Paul and John started making music together when they were teenagers. Every songwriting session bore fruit. Although there was one session that almost didn’t.

Paul wrote, “The nearest John and I ever got to a dry session was with a song called ‘Golden Rings.’ I’d brought a version of it out to John’s house in Weybridge, and we stalled when we got to the lines ‘You can buy me golden rings / Get me all that kind of thing.’ We kept singing that over and over and couldn’t get beyond it because it was so shockingly bad.

“Part of the problem was that we’d already had ‘a diamond ring in ‘Can’t Buy Me Love.’ ‘Golden Rings’ was unoriginal and uninspiring. We couldn’t get past it. So we left it, went and had a cup of tea.”

Then, when the pair returned to the song, they added a new character and story. The result was “Drive My Car.”

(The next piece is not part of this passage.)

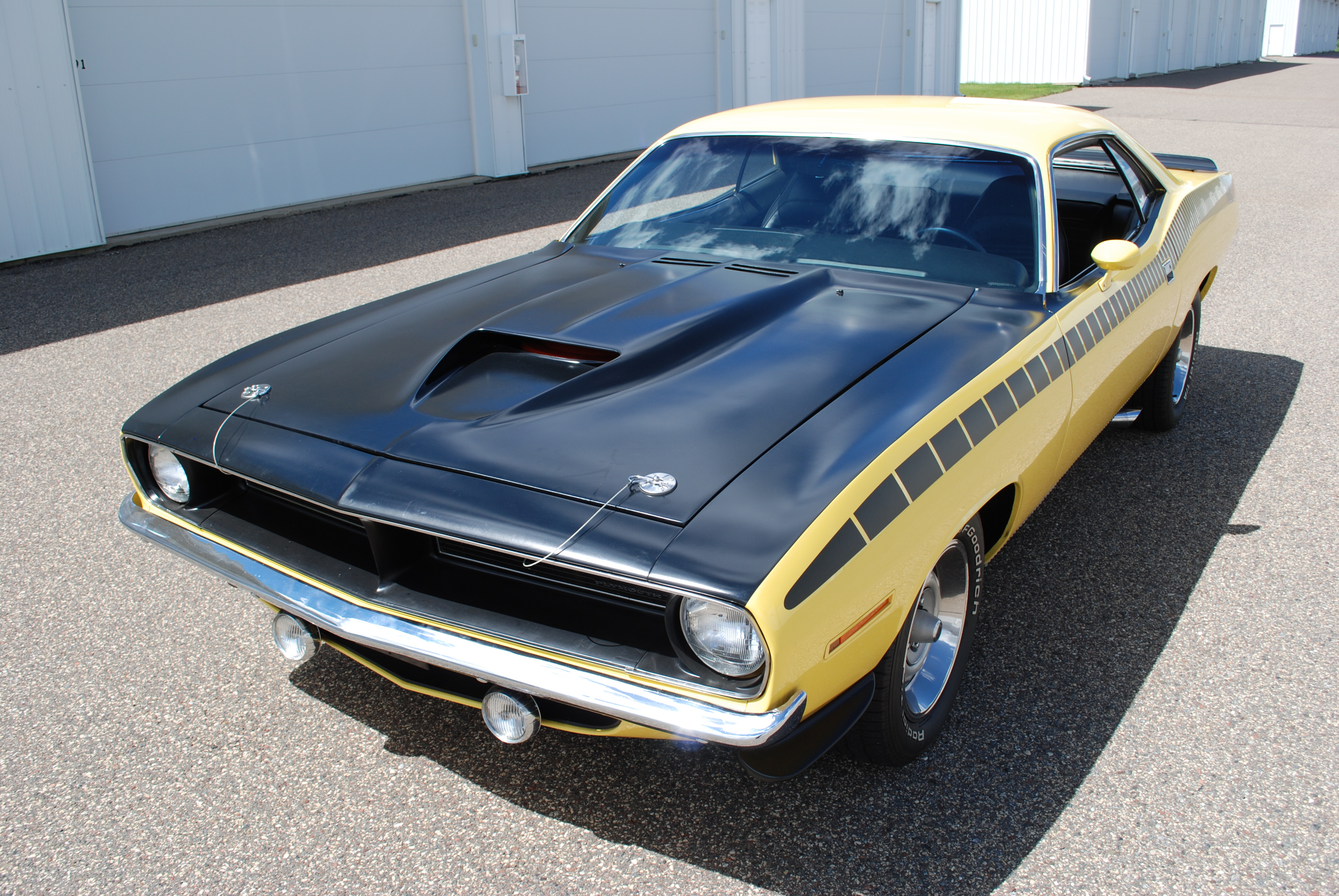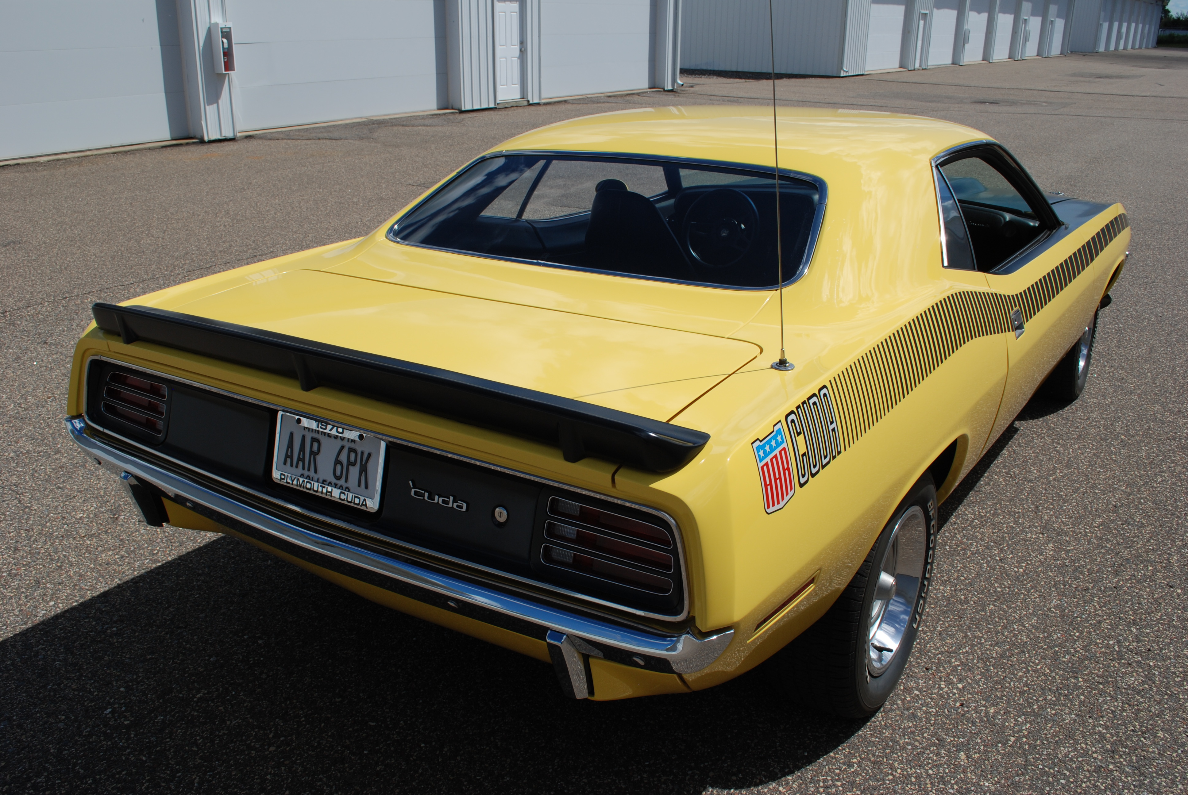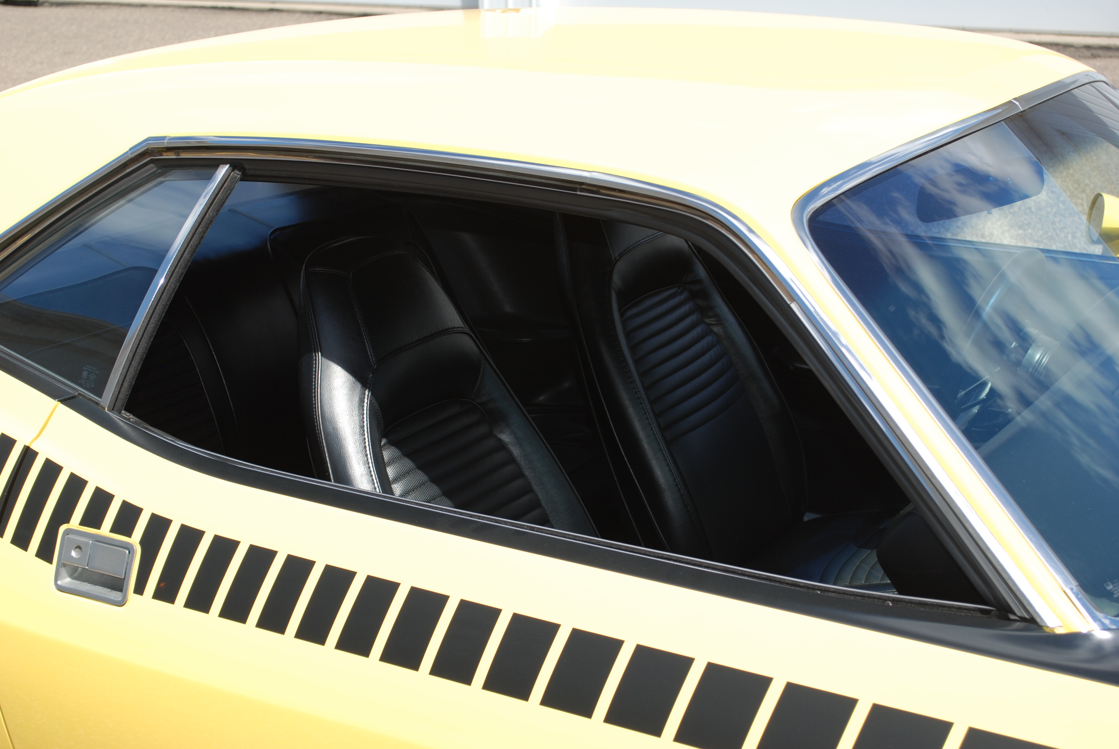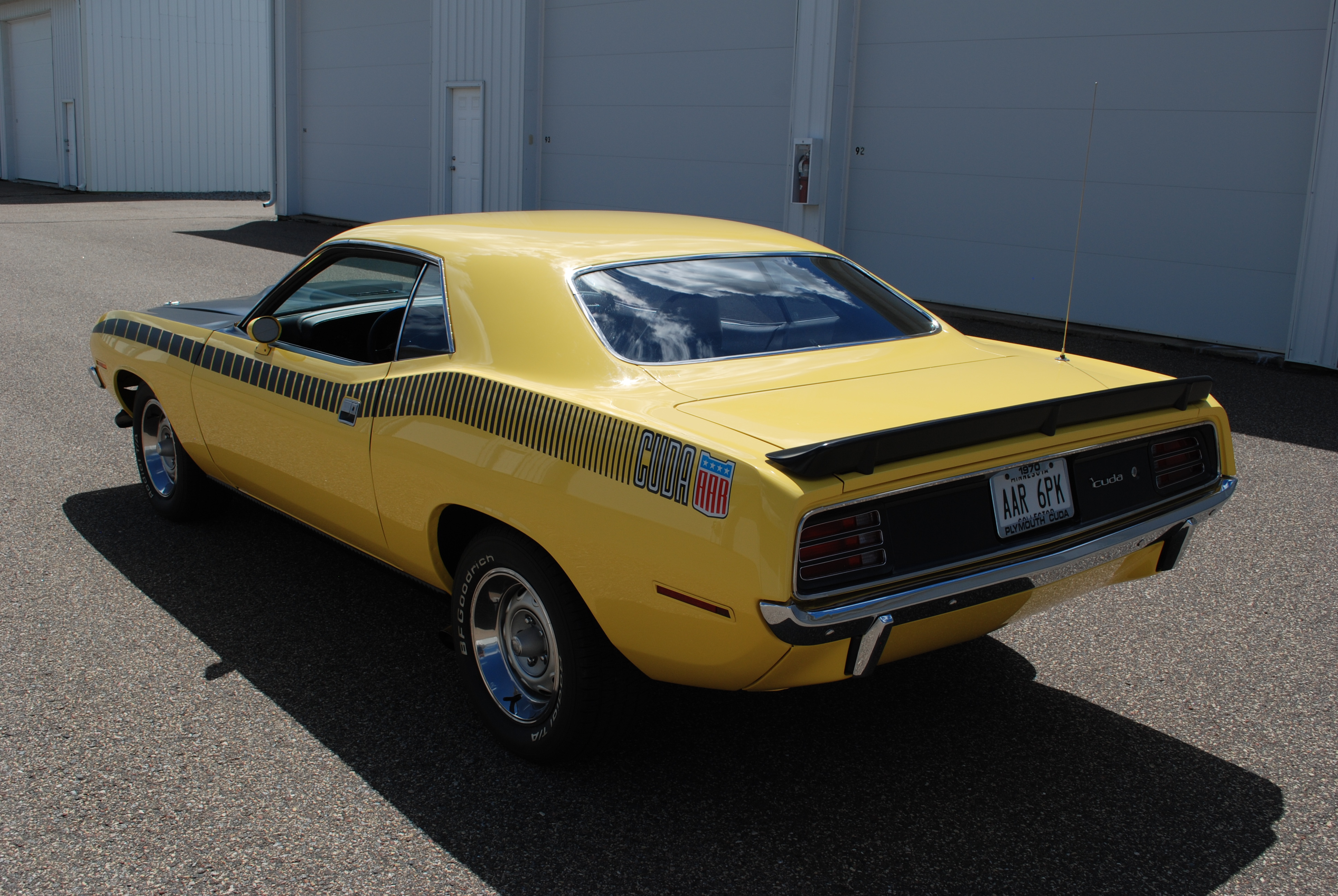 Lemon Twist Yellow AAR ‘Cuda documented by Fender Tags with the original body VIN numbers located in the correct places. The AAR ‘Cuda was only produced for approximately 1-1/2 months (March 10-April 17) during the year of 1970 with only 1,614 produced with the automatic 3-speed transmission. The AAR ‘Cuda offered lots of power with a V8, 340 6-barrel engine. The hood is made of lightweight fiberglass. What really sets this hood apart from all other cars is the hood scoop, the sleek design really blends in nicely with the rest of the car. The spoilers on the AAR also set it apart from other cars. The front spoilers are what they call “eyebrow” spoilers and the rear spoiler is what is called a “duck tail.” The AAR was produced to race in the SCAA road racing and to compete with the Ford Mustang. AAR actually means All American Racers. The AAR ‘Cuda was different from the regular ‘Cuda in many ways. This rare ‘Cuda with a 340 Six Pack engine is rebuilt to factory specifications and really commands attention when all six barrels are engaged. Loaded with following options: 727 Torque Flite transmission, Rally dash, power brakes, power steering, bucket seats with center console, left-hand mirror, hood pins, side exhaust, front & rear spoilers, Trans Am package, tachometer and Fresh Air fiberglass hood.

“When we came back, we started thinking of the woman as an LA girl,” Paul said. “That improved things a bit. Then she wanted a chauffeur. This is a little like the song ‘Norwegian Wood’ in the sense that you’ve got a cast of characters and then, before you know it, you’ve got a story. You’re going to burn someone’s house down because she’s got a lot of Norwegian wood.

“So let’s burn it and, meanwhile, let’s sleep in the bath. Once you get into creating a narrative and storytelling, it’s so much more entertaining. It draws you forward so much more easily. Now we were dramatising the interviewing of a chauffeur; we got over that dry moment and finished the song.

“It became one that didn’t get away. And its success had to do with getting rid of ‘golden rings’ and heading to ‘Baby, you can drive my car.'”

Fortunately, that was the closest Paul and John got to a dry songwriting session. Could you imagine if they’d left “Golden Rings”? They might not have written “Drive My Car.”